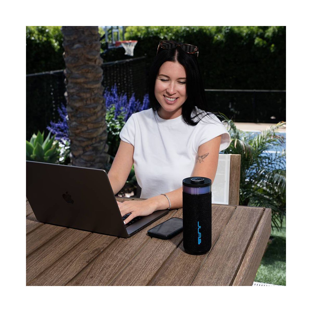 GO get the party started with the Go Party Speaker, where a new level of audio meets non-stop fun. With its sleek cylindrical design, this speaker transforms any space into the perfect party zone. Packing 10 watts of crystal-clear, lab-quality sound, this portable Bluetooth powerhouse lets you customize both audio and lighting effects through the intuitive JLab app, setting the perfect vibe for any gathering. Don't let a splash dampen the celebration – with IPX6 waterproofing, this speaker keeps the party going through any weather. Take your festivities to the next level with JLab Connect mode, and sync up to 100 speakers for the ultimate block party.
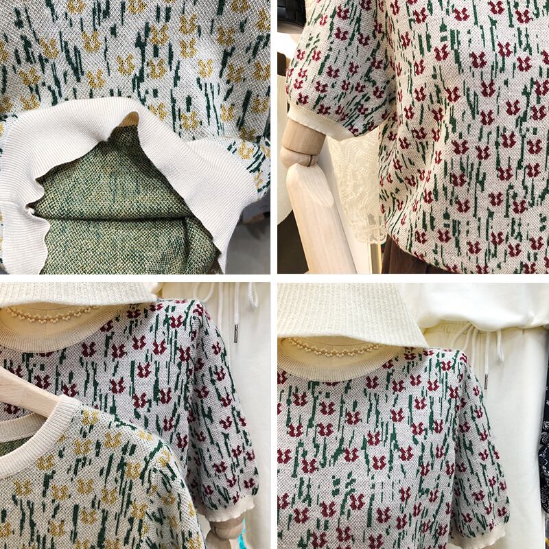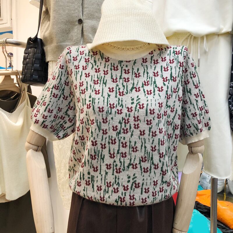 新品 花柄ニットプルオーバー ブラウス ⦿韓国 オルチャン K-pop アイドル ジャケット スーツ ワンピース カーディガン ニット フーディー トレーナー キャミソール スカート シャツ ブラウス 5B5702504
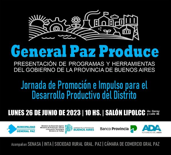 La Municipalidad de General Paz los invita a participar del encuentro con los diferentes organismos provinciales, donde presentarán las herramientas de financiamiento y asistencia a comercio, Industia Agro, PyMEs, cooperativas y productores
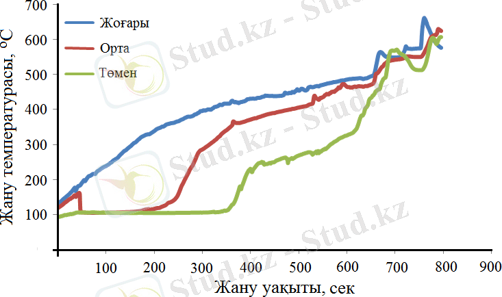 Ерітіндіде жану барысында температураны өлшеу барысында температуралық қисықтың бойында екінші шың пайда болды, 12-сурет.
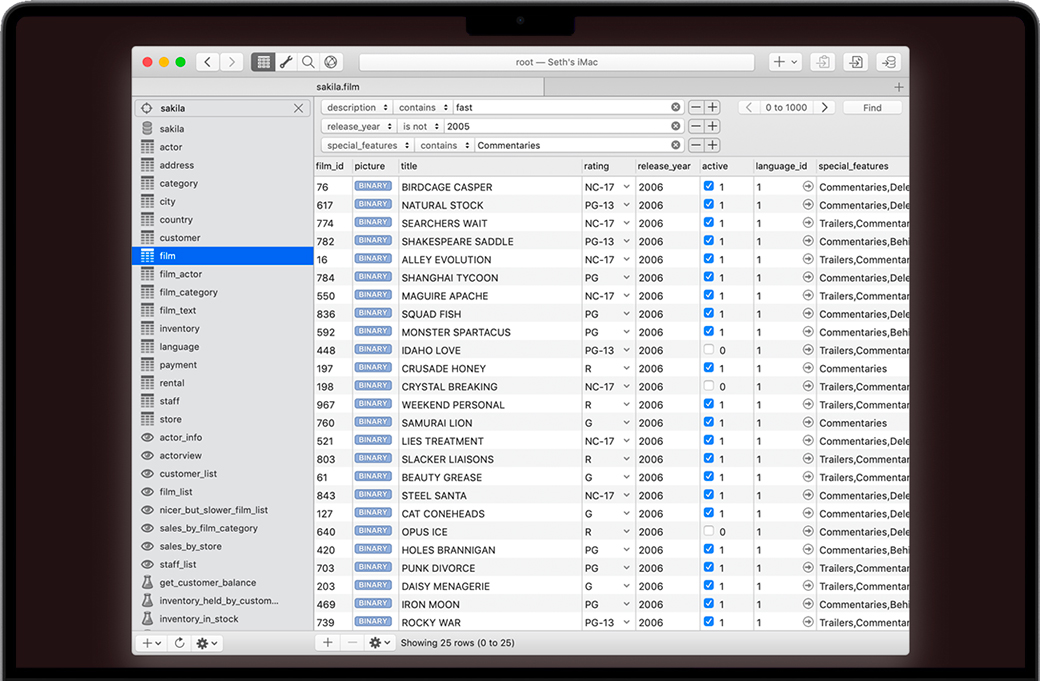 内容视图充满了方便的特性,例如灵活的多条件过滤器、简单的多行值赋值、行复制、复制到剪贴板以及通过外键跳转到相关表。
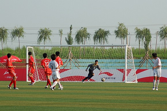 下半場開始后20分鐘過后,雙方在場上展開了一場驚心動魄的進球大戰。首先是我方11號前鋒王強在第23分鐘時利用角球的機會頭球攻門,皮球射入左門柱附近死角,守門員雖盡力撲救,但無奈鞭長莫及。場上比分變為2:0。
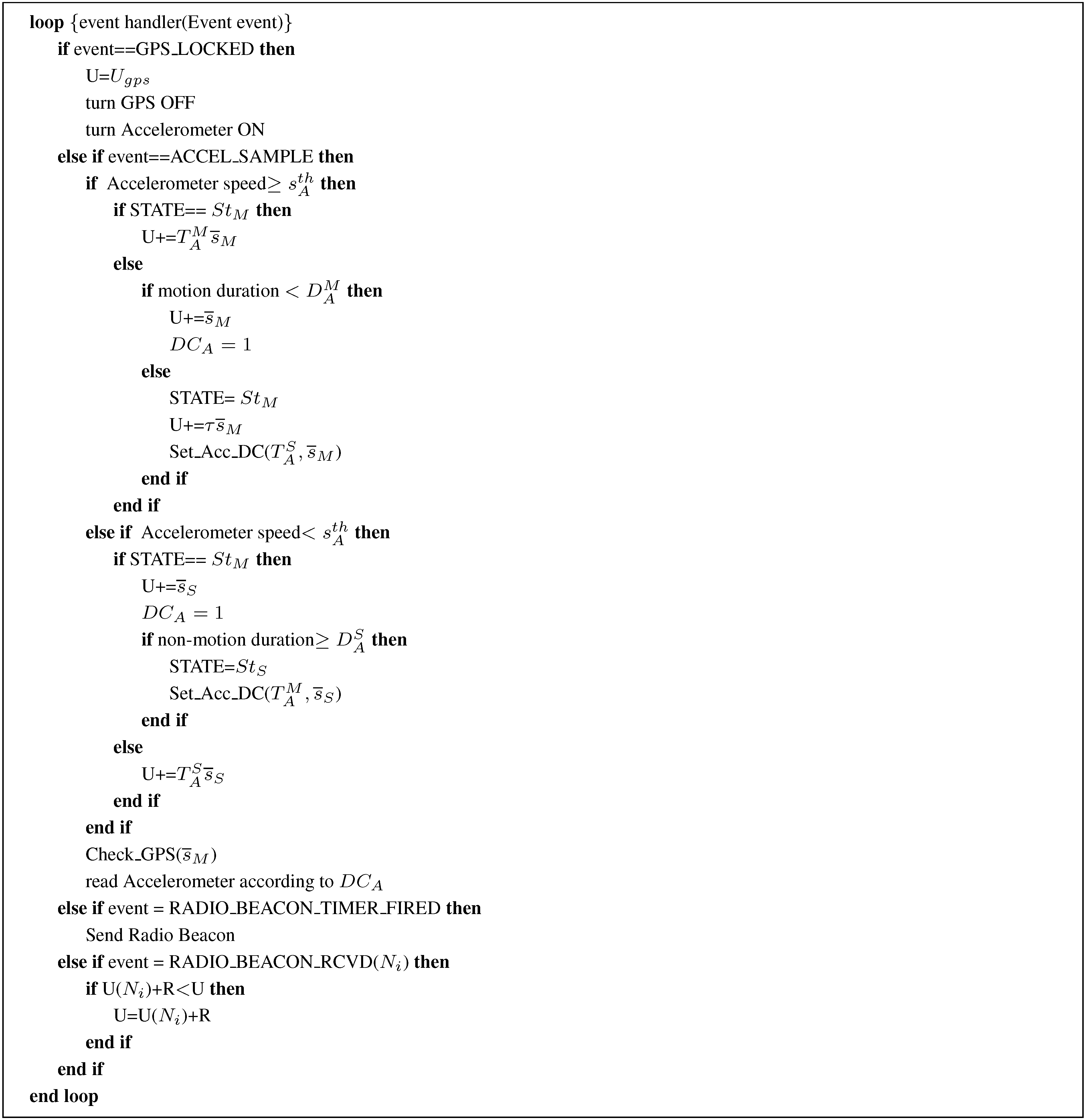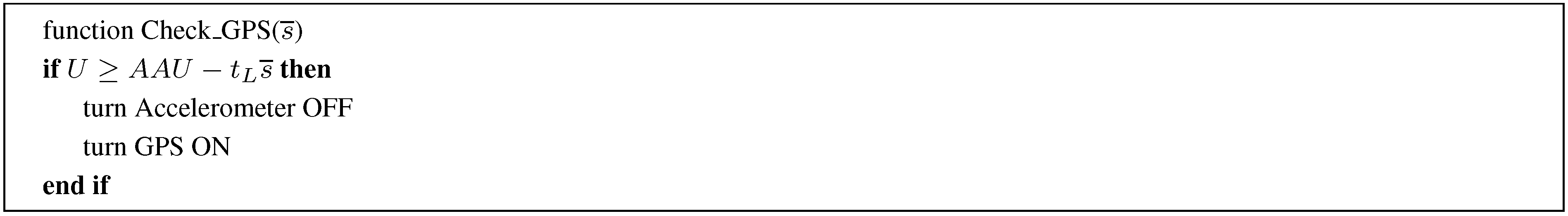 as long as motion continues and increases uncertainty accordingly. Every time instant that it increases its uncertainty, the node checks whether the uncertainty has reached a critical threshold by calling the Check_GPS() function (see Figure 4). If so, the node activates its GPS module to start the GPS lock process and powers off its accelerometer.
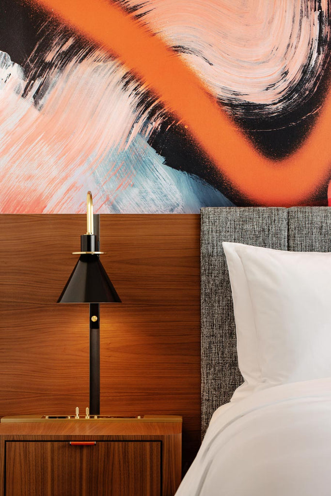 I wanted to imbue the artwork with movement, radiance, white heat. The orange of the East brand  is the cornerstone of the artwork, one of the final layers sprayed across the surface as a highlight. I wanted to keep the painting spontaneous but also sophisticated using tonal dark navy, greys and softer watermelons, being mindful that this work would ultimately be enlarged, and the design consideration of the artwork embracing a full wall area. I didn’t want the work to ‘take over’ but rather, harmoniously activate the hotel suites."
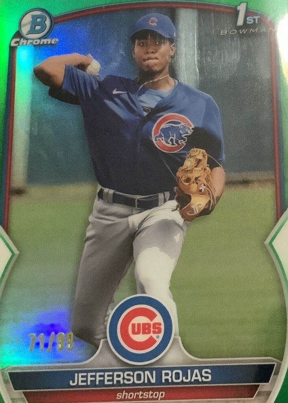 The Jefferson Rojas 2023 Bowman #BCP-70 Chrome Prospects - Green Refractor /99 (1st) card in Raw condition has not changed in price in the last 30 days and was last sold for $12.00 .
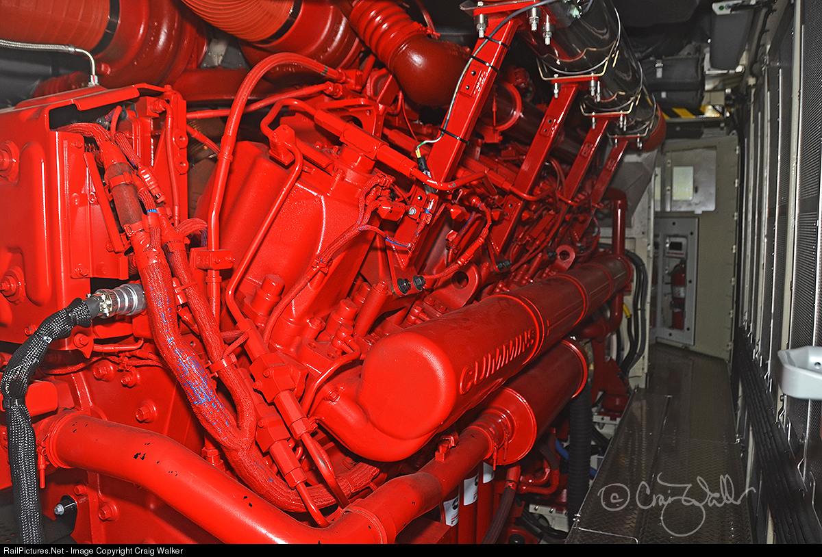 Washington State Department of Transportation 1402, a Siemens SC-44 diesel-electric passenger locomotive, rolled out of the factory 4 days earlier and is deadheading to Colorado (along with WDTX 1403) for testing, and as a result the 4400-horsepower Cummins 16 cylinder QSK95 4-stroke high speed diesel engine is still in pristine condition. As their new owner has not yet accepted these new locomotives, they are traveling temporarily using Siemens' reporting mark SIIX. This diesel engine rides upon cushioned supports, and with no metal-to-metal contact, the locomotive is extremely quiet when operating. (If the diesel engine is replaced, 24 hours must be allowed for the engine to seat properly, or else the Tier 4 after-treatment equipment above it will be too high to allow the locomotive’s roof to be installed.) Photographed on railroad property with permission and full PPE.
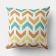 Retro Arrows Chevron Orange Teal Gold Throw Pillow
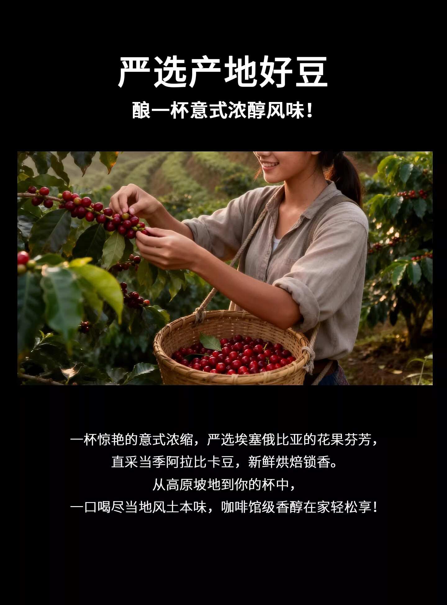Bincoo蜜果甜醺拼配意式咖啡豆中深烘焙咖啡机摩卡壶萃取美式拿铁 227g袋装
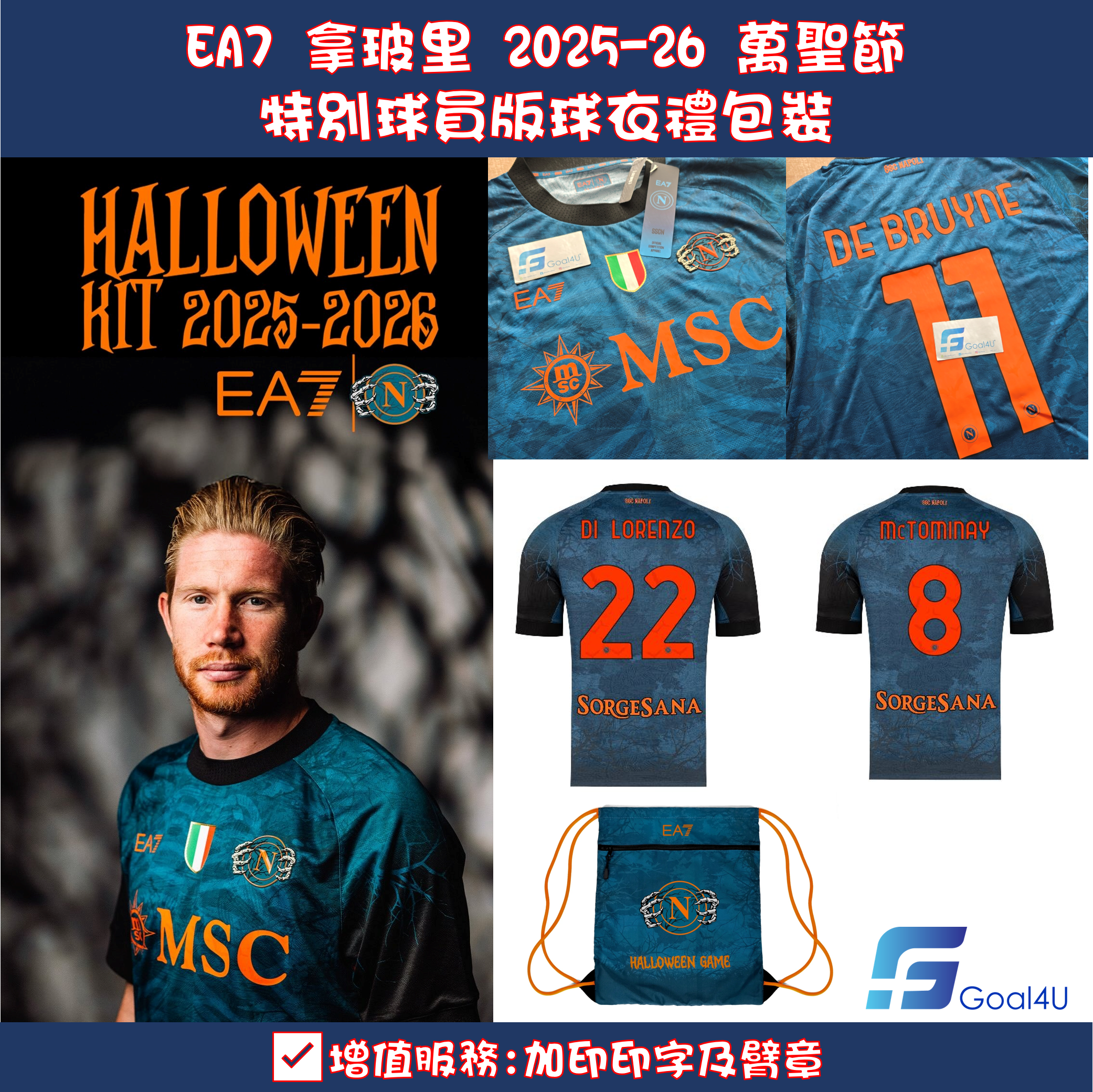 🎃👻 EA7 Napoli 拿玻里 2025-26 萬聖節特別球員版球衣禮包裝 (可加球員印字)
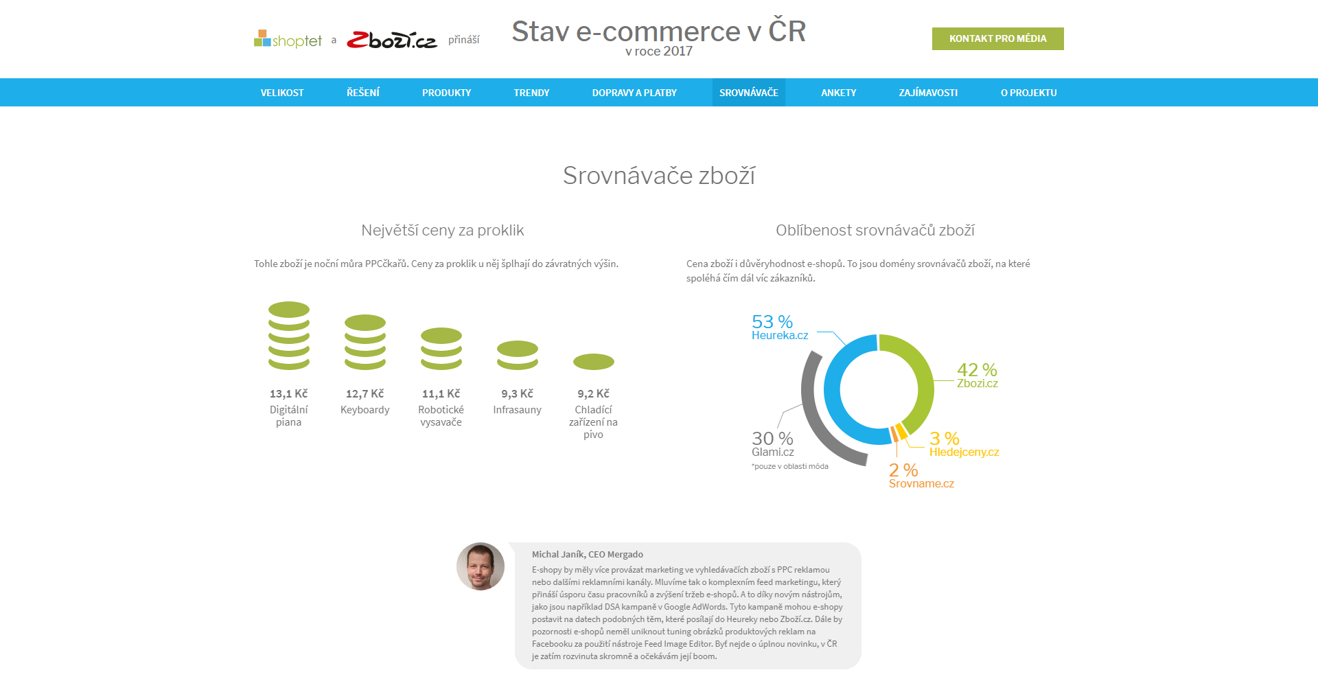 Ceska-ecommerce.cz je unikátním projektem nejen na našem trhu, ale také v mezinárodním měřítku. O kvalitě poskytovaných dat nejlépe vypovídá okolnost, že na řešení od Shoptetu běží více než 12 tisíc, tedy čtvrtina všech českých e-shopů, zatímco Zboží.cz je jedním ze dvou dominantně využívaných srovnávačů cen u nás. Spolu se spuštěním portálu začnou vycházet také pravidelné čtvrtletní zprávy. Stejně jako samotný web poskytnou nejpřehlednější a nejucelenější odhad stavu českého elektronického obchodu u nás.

* **TO DO**
The line holding "as long as motion" starts the copy and the line holding "Retro Arrows Chevron" ends it. Repeat those two lines above and all between them exactly, leaving out pictures.

* **RESULT OF THE EXERCISE**
 as long as motion continues and increases uncertainty accordingly. Every time instant that it increases its uncertainty, the node checks whether the uncertainty has reached a critical threshold by calling the Check_GPS() function (see Figure 4). If so, the node activates its GPS module to start the GPS lock process and powers off its accelerometer.
 I wanted to imbue the artwork with movement, radiance, white heat. The orange of the East brand  is the cornerstone of the artwork, one of the final layers sprayed across the surface as a highlight. I wanted to keep the painting spontaneous but also sophisticated using tonal dark navy, greys and softer watermelons, being mindful that this work would ultimately be enlarged, and the design consideration of the artwork embracing a full wall area. I didn’t want the work to ‘take over’ but rather, harmoniously activate the hotel suites."
 The Jefferson Rojas 2023 Bowman #BCP-70 Chrome Prospects - Green Refractor /99 (1st) card in Raw condition has not changed in price in the last 30 days and was last sold for $12.00 .
 Washington State Department of Transportation 1402, a Siemens SC-44 diesel-electric passenger locomotive, rolled out of the factory 4 days earlier and is deadheading to Colorado (along with WDTX 1403) for testing, and as a result the 4400-horsepower Cummins 16 cylinder QSK95 4-stroke high speed diesel engine is still in pristine condition. As their new owner has not yet accepted these new locomotives, they are traveling temporarily using Siemens' reporting mark SIIX. This diesel engine rides upon cushioned supports, and with no metal-to-metal contact, the locomotive is extremely quiet when operating. (If the diesel engine is replaced, 24 hours must be allowed for the engine to seat properly, or else the Tier 4 after-treatment equipment above it will be too high to allow the locomotive’s roof to be installed.) Photographed on railroad property with permission and full PPE.
 Retro Arrows Chevron Orange Teal Gold Throw Pillow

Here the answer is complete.